Elliot H X Jia’s collection was a constrictive piece of performance art. Large hoods of fabric encased a model’s head, white fabric was wrapped around the shoulders of another and a coat transfigured an almost sphere shape around the knees. Jia, who has immense experience in craftsmanship and fine tailoring, studies the socio-history of the world and attempts to bring that knowledge into his clothing.
Another label, 3NDOLITH, was inspired by endolith organisms that can adapt to any extreme environment. The 3NDOLITH collection, in turn, aims to create pieces that last just as long as the organisms. Using post-consumer recycled material, each article of clothing was compelling and somewhat post-apocalyptic. Several models wore mesh masks covering their faces, with fabric outlining the mask that matches the actual garment. With translucent, thin pieces of material flowing out to create multi-layer pants and smartly draped fabric contorting around the body, the stand-out piece was the final dress, which embodied a sea creature swimming around.

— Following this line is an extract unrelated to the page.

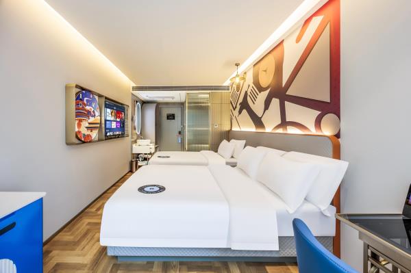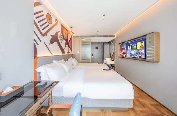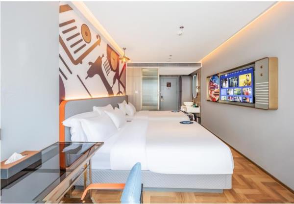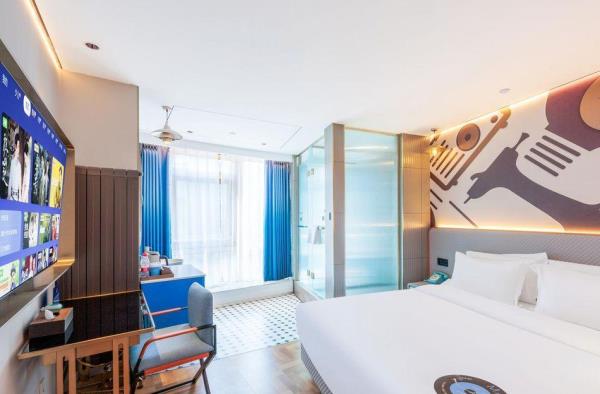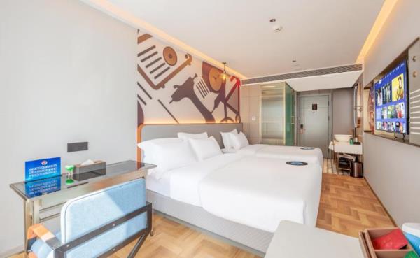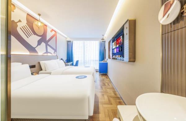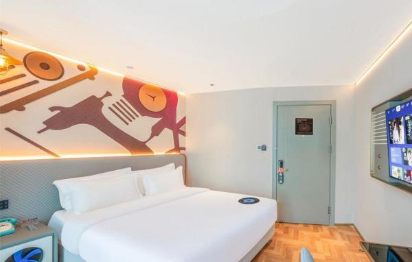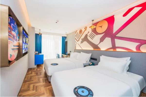 酒店位于朝阳区外交部南街10号万邦商贸大厦3-5层,位于建国门及朝阳门商圈核心位置。距离地铁朝阳门站及建国门站步行约15分钟均可到达。酒店距离首都儿研所步行约3分钟,为满足儿研所就医需要酒店设置有多间家庭房供您选择以解决陪同人员多住宿困难的问题。酒店周边范围内坐落有华润大厦、亚太写字楼、凯威大厦、雅宝大厦、天雅大厦、兆泰国际中心、银河SOHO等多座写字楼商务中心,步行10分钟以内均可到达,是您商务出行的不二选择。酒店地理位置优越交通便利。朝阳门商务区、建国门商务区及使馆区多家大使馆、法签中心与酒店步行均在15分左右即可到达。三里屯、工人体育场、王府井距离酒店车程约10分钟。天安门、簋街、天坛、南锣鼓巷等距离酒店车程约30分钟。酒店 以“音乐文化酒店”为品牌定位,向用户传递“取悦自我”的价值主张,为Z世代的新进中等收入商旅、情侣人群提供“文化、舒适、惬意”的品牌调性,以“场景、品质、功能、服务”为卖点,通过“多重组大堂、24小时洗衣仓”等硬件设施组合,“一心服务”的服务理念,让顾客在旅途中享受“乐在其中”非凡的住宿体验。

The final collection, by Hyunho Ki under his label NUYH NEWYORK, was a series of mostly black menswear ensembles rooted in the theme of how clothing creates a person’s first impression. Black sweaters and tight pants with slits around the ankles composed his dark, moody collection, with clean lines which showed his construction skills.
The Main Show
The final day of House Fashion Week commenced Oct. 12. Initially, each of the five designers were meant to get a full hour to debut their collections. However, after timing issues and scheduling complications, two of the designers exhibited their runway shows in the afternoon, and the remaining three ran in the evening. The News was able to capture the final three collections.
Featured in Vogue Runway, Alessia Aucoin showcased pieces inspired by hiking and climbing gear for her label CYCLD. Influenced by her upbringing in Canada and the connections between the North and South Pole, her neutral-colored clothing takes a trip to the coldest parts of the world. Most of her pieces involve an intricate ruching of some kind, either through dramatic bunching in one spot or subtle gatherings of fabric throughout the garment. Her collection featured long coats, short dresses and sweater-and-pant ensembles, all embodying the idea of warmth and femininity.
Victoria Stewartbaxter’s collection for her label Vo Stewartbaxter showcased her shiny, edgy and performative style on the runway. Stewartbaxter previously has dressed celebrities like Rebecca Black, and her pieces take inspiration from punk-rock glam and deep, pigmented colors. Her collection involved feathered headpieces, spikes coming out of the fabric of dresses and shiny material tightly wrapped around the body. A few of her pieces utilized loose, lace-based fabric, a contrast to her other, sharper designs that relied on form-fitting, tight material.
The final collection, created by Zonya Campbell, was a skillful display of elegant dressmaking and the art of wedding dress creation. The first half of Campbell’s collection displayed floor-length gowns, often paired with some kind of jeweled element — either a bedazzled bodice or a simple, multi-layer necklace-style piece. Each dress nearly perfectly contorted around the model wearing it, further emphasizing Campbell’s artistry. The wedding dresses had playful sleeves or elaborate ruching across the shoulders and were both sophisticated and fun at the same time.
Despite some minor timing issues, the three-day saga of House Fashion Week allowed fashion fans and general clothing enjoyers the opportunity to witness collections created by young, innovative designers. Each event was not only a chance for artists to display their high levels of technique in modern fashion, but also created an environment for the city of Boston to highlight its own vibrant fashion scene and make a name for itself amongst the fashion capitals of the country.